Concept Graph & Resume using Claude 3 Opus | Chat GPT4 | Gemini Adv | Llama 3:
Resume:
1.-Machine learning for medicine is challenging due to poorly-defined problems, solutions and verification. New problem formulations and methods are needed.
2.-The van der Schaar Lab aims to transform healthcare with new machine learning and AI tools to address complex problems.
3.-A breast cancer decision support system was developed using autoprognosis (integrates data), InVase (interpretability), attentive state-space models (forecasts), and personalized monitoring.
4.-Automated machine learning methods can craft clinical analytics at scale across diseases. Structure kernel learning conquers the curse of dimensionality.
5.-Interpretability, trustworthiness and explainability are key for actionable machine learning models in medicine. Different users need tailored interpretations.
6.-Symbolic metamodels turn black-box models into interpretable white-box models, enabling forward and backward explanations for various users.
7.-Metamodels allow robust discovery of data-induced hypotheses from models. They help clinicians understand predictions and policymakers design screening programs.
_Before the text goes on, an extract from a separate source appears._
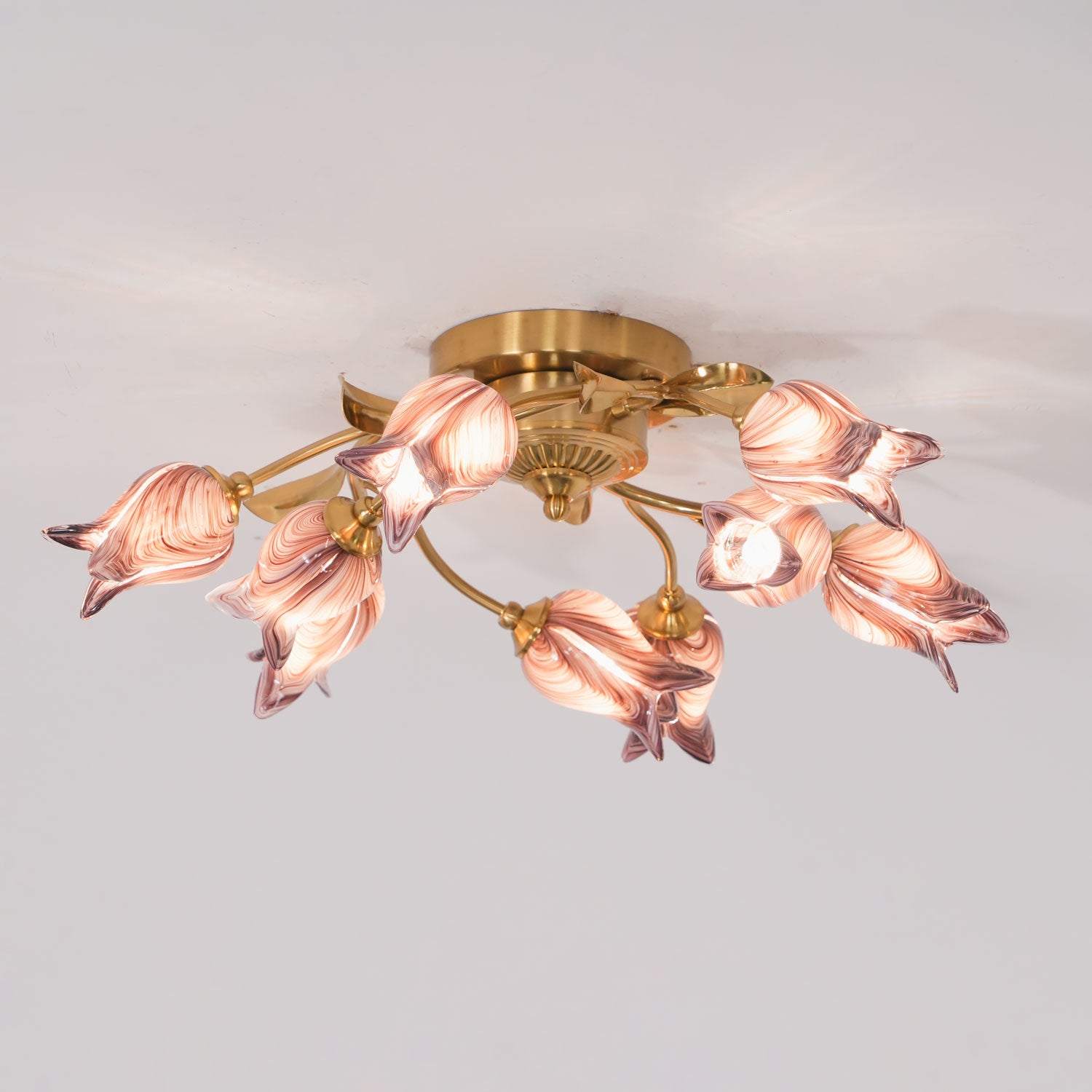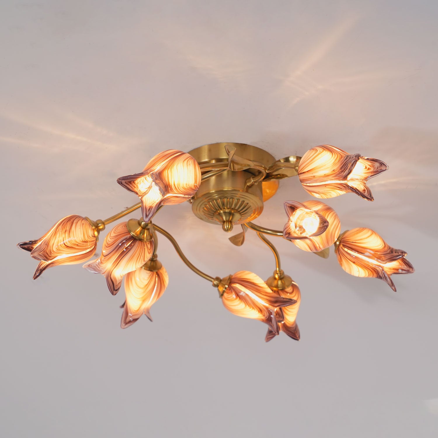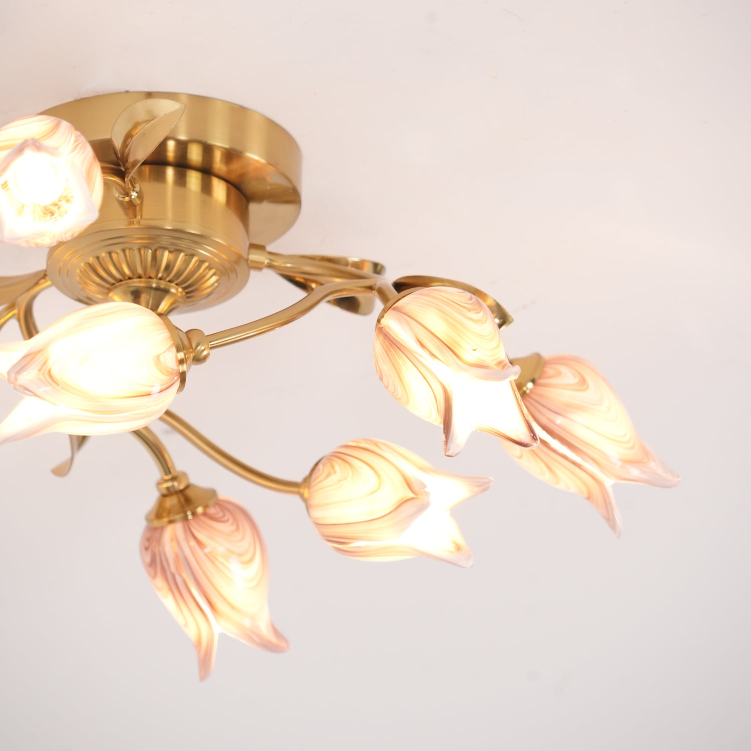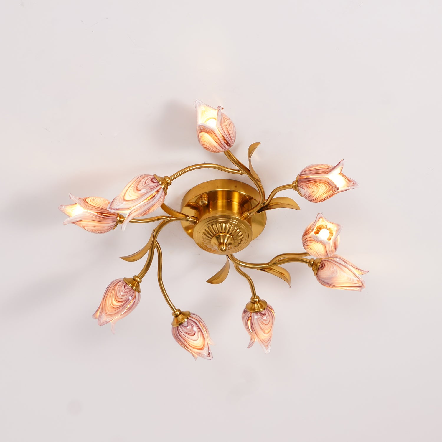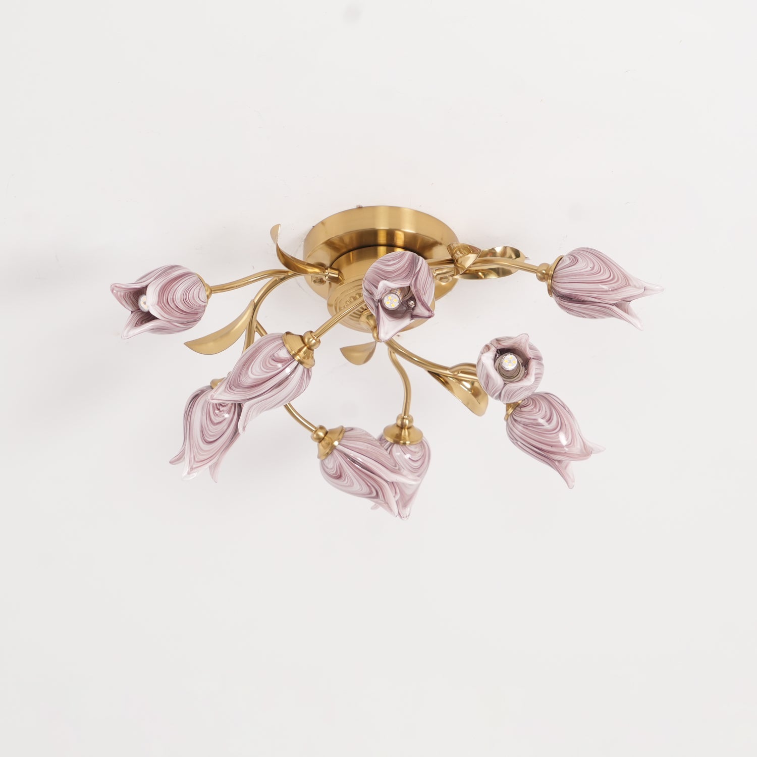 Tulip Serenade -kattovalaisin juhlistaa kukkien eleganssia ja herkkua upotetulla asennuksella. Sen lasiset tulppaanisävyt pyörivät monimutkaisissa vaaleanpunaisen ja valkoisen sävyissä, mikä tuo mieleen lempeän auringonnousun. Metalliset aksentit lisäävät pehmeää kultaista hohtoa ja tarjoavat lempeää mutta runsaasti valoa ylhäältä. Täydellinen tiloihin, joissa tarvitaan riipusta tai kattokruunu.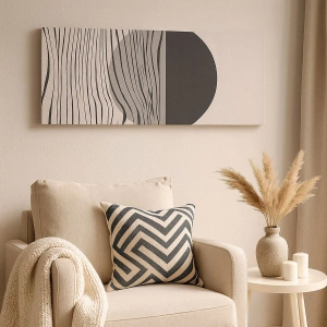 Halbe Komposition ist ein Leinwandgemälde, das die Eleganz von Linien und die Präzision der Geometrie in einem minimalistischen Stil vereint. Die wellenförmige Linienkomposition wird durch geometrische Formen ergänzt, wodurch ein harmonisches Ganzes in gedämpften Farben entsteht. Das Gemälde beeindruckt durch seine Schlichtheit und seinen universellen Charakter, perfekt für moderne Innenräume.

8.-Disease progression should be modeled with history, individualized risk, and interactions between diseases, not just Markov models.
9.-Attentive state-space models combine probabilistic hidden Markov models with RNNs to model complex non-stationary individualized disease trajectories.
10.-Dynamic, personalized comorbidity networks are learned using deep diffusion processes to model disease interactions over time.
11.-Personalized screening and monitoring policies should be used instead of one-size-fits-all, based on individual patient risk.
12.-Estimating individualized treatment effects (ITE) moves from average effects to personalized causal inference. It's a complex problem due to unobserved counterfactuals.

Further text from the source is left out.